The Futility Infielder

A Baseball Journal by Jay Jaffe I'm a baseball fan living in New York City. In between long tirades about the New York Yankees and the national pastime in general, I'm a graphic designer.

Thursday, June 28, 2001


This Could Get Ugly

I made the mistake of checking the headlines before bed, and the news for the Yankees does not look good. The NY Times and other outlets are reporting that the Yanks are seriously considering trading Chuck Knoblauch to the Seattle Mariners for Al Martin and Brett Tomko, and signing former Yankee outfielder Gerald Williams, recently released by the Tampa Bay Devil Rays, the worst team in baseball.

Friends, if ever we need evidence that the end of the Yankees reign as World Champions is nigh, it will be in the transaction lines that seal these deals.
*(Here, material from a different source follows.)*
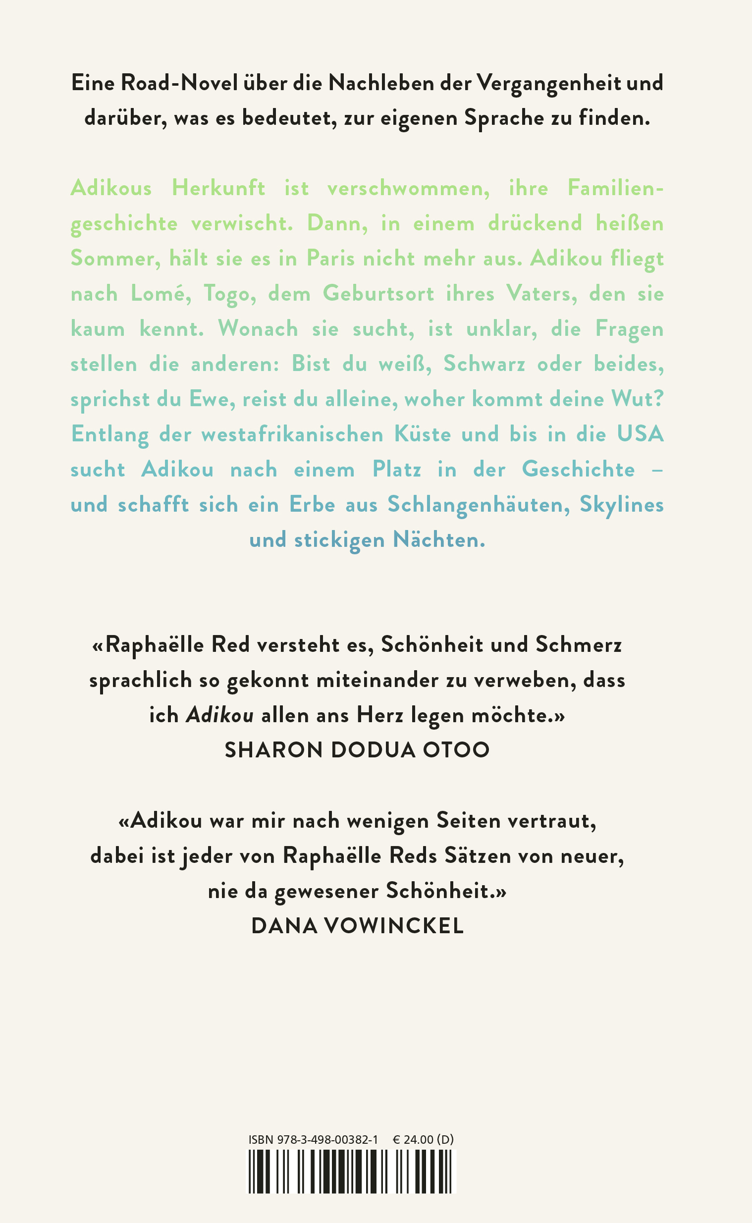 Eine Road-Novel über die Nachleben der Vergangenheit und darüber, was es bedeutet, zur eigenen Sprache zu finden: «Adikou war mir nach wenigen Seiten vertraut, als wäre sie schon immer da gewesen, dabei ist jeder von Raphaëlle Reds Sätzen von neuer, nie da gewesener Schönheit.» (Dana Vowinckel)

While Tomko would be a decent addition to the pitching staff, the moves will leave the moribund Yankee offense with even worse prospects, and go against the tenet around which the Yankee dynamo has been built: get on base.

career OBP 2001 OBP career SLG*OBP 2001 SLG*OBP
Chuck Knoblauch .384 .342 .159 .115
Al Martin .340 .305 .153 .105
Gerald Williams .306 .261 .128 .087
Slugging Percentage times On Base Percentage is a very crude stat I discussed a few days back; roughly speaking, it translates as runs created per at bat. Knoblauch has struggled this season, but even at his worst he is miles better than the competition at getting on base. If the Yanks plug one of these two cadavers in the leadoff spot, I will personally turn in my membership in the Joe Torre Is A Managerial Genius club card while the Yankee offense dies on the vine.

Gerald Williams hit 21 HR and drove in 89 runs for the last-place Rays last season. But he got on base at only a .312 clip and was as big a reason why the Rays remained the most pathetic offense in the league. He was released earlier this week because he was 66 plate appearances short of vesting a $4 million contract for 2002, and because the Rays seem to have caught on to his incompetence. Williams's agent made some hysterical noises about the release being unjustified, but anybody who analyzes Williams's stats can't help but conclude he's dragging an offense down.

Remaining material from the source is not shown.